Could you please elaborate on the procedure you used a little more as it sounds like something I should explore.

Regards,

Carpiem


FWIW, I once did something similar from outlook whereby I sent the pdf to an adobe email address that converted the pdf to text, then I scanned for a reply email from this adress, then used a RegExp to extract the portion of data from the text.

Bob Phillips
10-07-2005, 10:20 AM
Hello BrettDJ,

I understand what you are saying.... the problem is that I have never heard of an Adobe E-Mail address before and searching on the web has not revealed anything relevant.

Could you please elaborate on the procedure you used a little more as it sounds like something I should explore.

Perhaps this is what Brett was referring to http://www.adobe.com/products/acrobat/access_onlinetools.html

Carpiem
10-07-2005, 02:35 PM
Hola XLD,

Gracias por dirigirme a ese sitio.

?Eso es un Saxophone muy fresco tambi?n!

Respeto,

Carpiem

Carpiem
10-07-2005, 03:29 PM
Good Evening MD,

I have more or less got my head around the way you constructed the UDF's and the vba to automate them.

Would you be willing to walk me through the next stage i.e. "You could also get the code to run only if the text contains the / character." .... ?

Regards,

Carpiem


Hi Carpiem,
A named range would work fine. The only reason for the range is to exclude cells where you would not wish the code to run. eg, titles, totals or whatever. You could also get the code to run only if the text contains the / character. It's all depends on your conversions.
Regards
MD

mdmackillop
10-07-2005, 03:43 PM
Good evening Carpiem,
A simple modification of the WorkSheet sub can test for / in a string, if is found, the split takes place, if not, you can exit the sub, or as in this example, clear the UOM and Unit cells.

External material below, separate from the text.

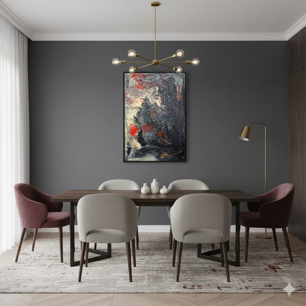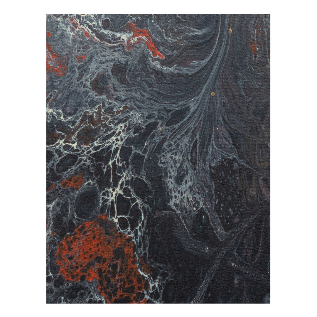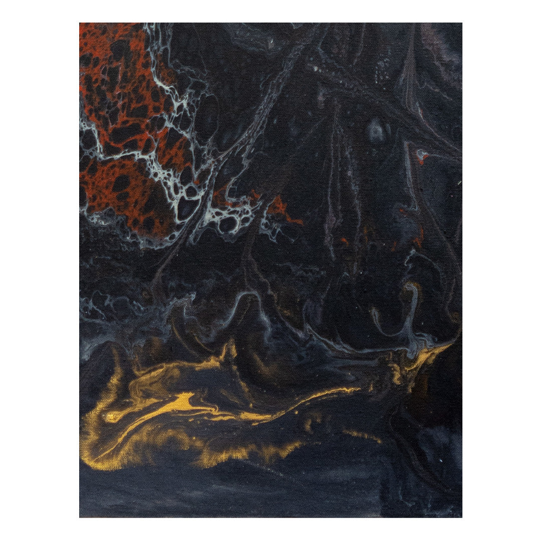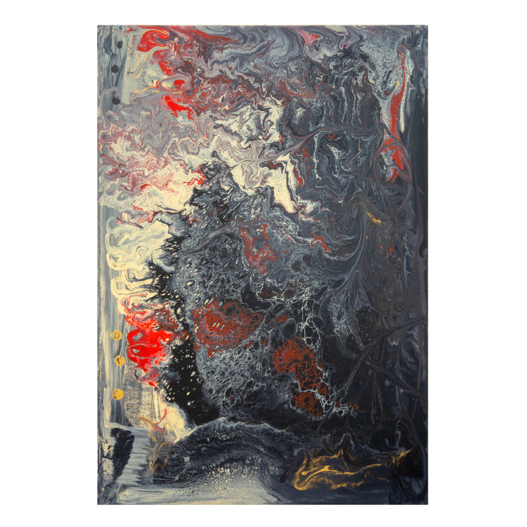 Abstract art on a cotton canvas frame using brushstrokes and Dutch pouring techniques.

Private Sub Worksheet_Change(ByVal Target As Range)
On Error GoTo LastLine
If Not Intersect(Target, Range("E38:E45")) Is Nothing Then
If InStr(1, Target, "/") = 0 Then
Target.Offset(0, 3).ClearContents
Target.Offset(0, 4).ClearContents
Else
Target.Offset(0, 3).Formula = "=UOM(E" & Target.Row() & ")"
Target.Offset(0, 4).Formula = "=UNIT(E" & Target.Row() & ")"
End If
End If
LastLine:
End Sub

Regards
MD

mdmackillop
10-07-2005, 05:36 PM
A further thought.
If you are running other code which changes a sheet containing a WorkSheet Change type macro, it is best to add "Application.EnableEvents = False" at the head of the code, resetting it to True at the end (very important - it's not reset by default). This prevents the WorkSheet code from running each time the sheeet is changed by your routines.

brettdj
10-08-2005, 11:04 PM
Perhaps this is what Brett was referring to http://www.adobe.com/products/acrobat/access_onlinetools.html
Thanks Bob

Carpiem
10-10-2005, 11:09 AM
Good Afternoon MD,

Thank you,

Carpiem

A further thought.
If you are running other code which changes a sheet containing a WorkSheet Change type macro, it is best to add "Application.EnableEvents = False" at the head of the code, resetting it to True at the end (very important - it's not reset by default). This prevents the WorkSheet code from running each time the sheeet is changed by your routines.